The whole range of alloys can be cold worked after quenching from temperatures not higher than 1000°C. The most ductile material is achieved by annealing at 1000°C, after which the temperature can be slowly dropped before water-quenching from 850°C. Although the difficulty of working increases with platinum content up to 80 per cent, even this alloy can be easily worked after a reduction in thickness of 50 per cent. As the final properties of the resultant rod and sheet reflect the entire thermal and mechanical history of the material, casting and working procedures require very careful control.
Interesting dimensional changes result during the heat treatment of gold-platinum alloys which have been insufficiently homogenised. This behaviour was first reported by Holzmann (47). Drawn 70/30 gold-platinum rods were found to shorten by as much as 9 per cent when heated for 1 hour at 1100°C. The effect became less pronounced as the specimen diameter decreased. Specimens produced from ingots which had been very slowly solidified contracted less than those from chill-cast ingots and extremely slow rates of heating tended to diminish the extent of dimensional change. The shrinkage is attributable to the more or less rapid elimination of strong concentration gradients during heat treatment.
Resistance to Oxidation and Corrosion
Gold volatilises at a negligible rate in oxygen, platinum evaporates readily. The evaporation curves of gold-platinum alloys as obtained by Raub and Plate (48) illustrate the basic characteristics of this system in a striking manner. Fig. 18 shows that small additions of gold to platinum initially decrease the evaporation rate fairly rapidly. Over the duplex region, however, the evaporation rate remains fairly constant, suggesting that the composition of vapour in equilibrium with the two phases is independent of their relative volumes. Only when the platinum-rich phase has disappeared does the gold reduce sensibly the rate of volatilisation. Duplex alloys which have been soaked at about 1200°C for several days in air frequently show thin surface layers of a gold-rich alloy when microscopically examined 37. This behaviour is probably a consequence of preferential evaporation from the platinum-rich phase in which platinum diffuses very slowly 33.
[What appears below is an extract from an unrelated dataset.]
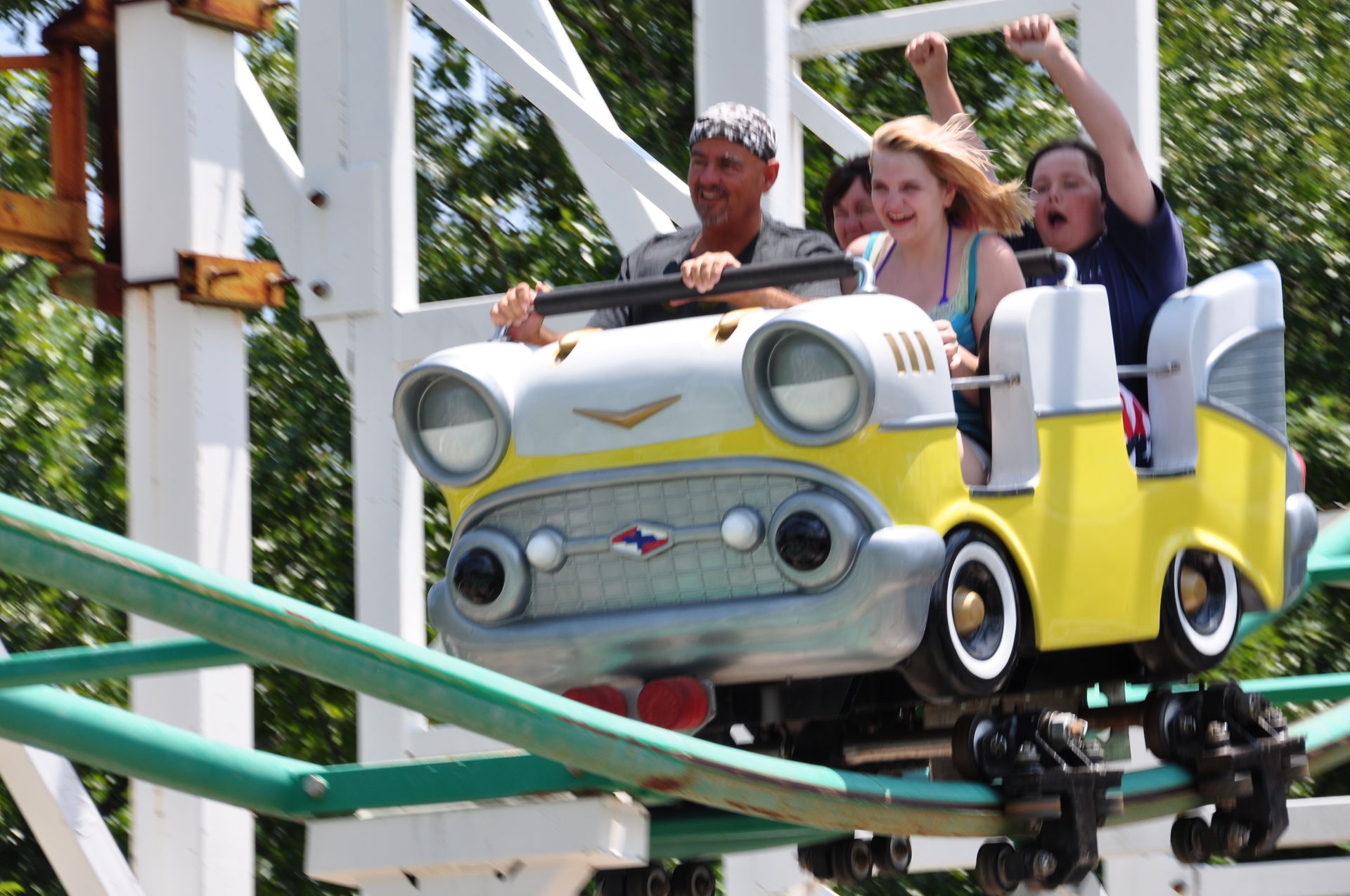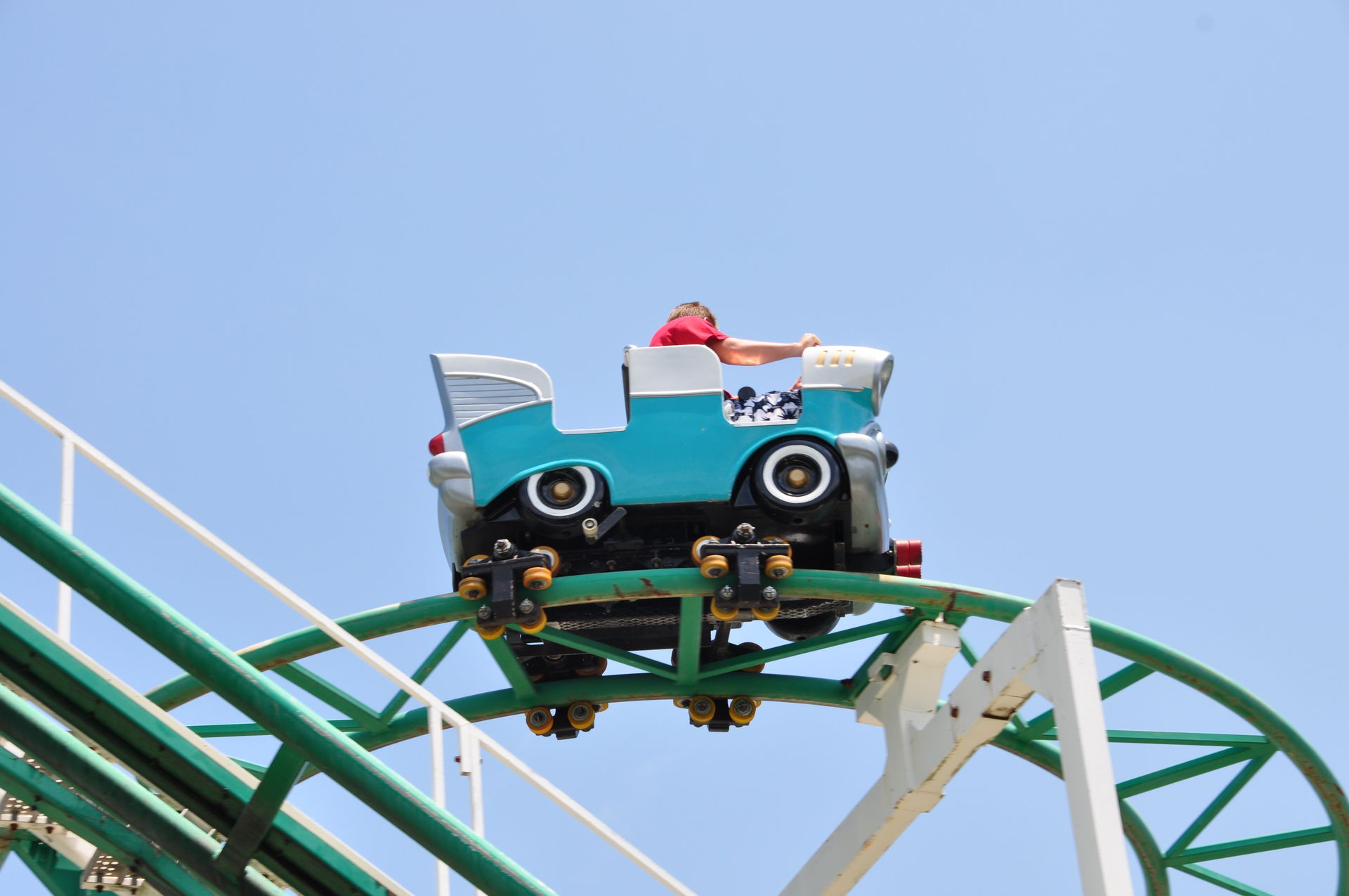 Hui, endlich mal wieder ein Kiddie Coaster, den wir - nach den ganzen Verweigerungen in den Cedar Fair-Parks - ohne Kind oder ohne den Special-Bonus in Form von PR Managern fahren durften. Und dieses für die Art der Bahn recht lange Exemplar lässt sich sogar noch sehr gut fahren.
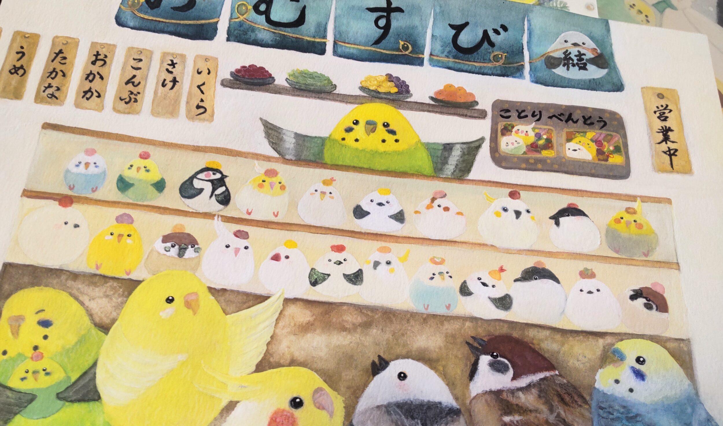 ・仕上げに保護スプレーを施しておりますが、水彩・透明水彩絵具等を使用しているため水濡れには十分ご注意ください。

The alloys, very resistant to corrosion by most acids are dissolved fairly rapidly by aqua regia. Cyanide solutions dissolve the gold-rich alloys rather more slowly. The complete resistance of the gold-rich alloys to simultaneous attack by sodium sulphate, sulphuric acid, and caustic soda is demonstrated by their prolonged employment in the viscose rayon industry.
Klochko and Nikitina (49) reported on the anodic behaviour of the system in 1955. Experiments in which a IN solution of chlorauric acid was used as an electrolyte showed that alloys annealed by cooling from 1000°C in air over a period of 12 days were very much more negative with respect to gold than quenched alloys. Plateaus on both sets of e.m.f. curves agreed with the width of the duplex region corresponding to the metallurgical condition of the specimens. Anodic solubility tests carried out in a 5N solution of HC1 showed that the gold-rich phase was always the first to go into solution. With all duplex alloys the dissolved part of the anode had the composition of the limiting gold-rich solid solution. Quenched and slowly cooled alloys both dissolved at roughly the same rate, which remained fairly constant at about 0.2 to 0.3 gm/cm2/amp-hour across the entire duplex region. The solubility of the platinum-rich solid solution compared to that of the duplex alloys was very low indeed.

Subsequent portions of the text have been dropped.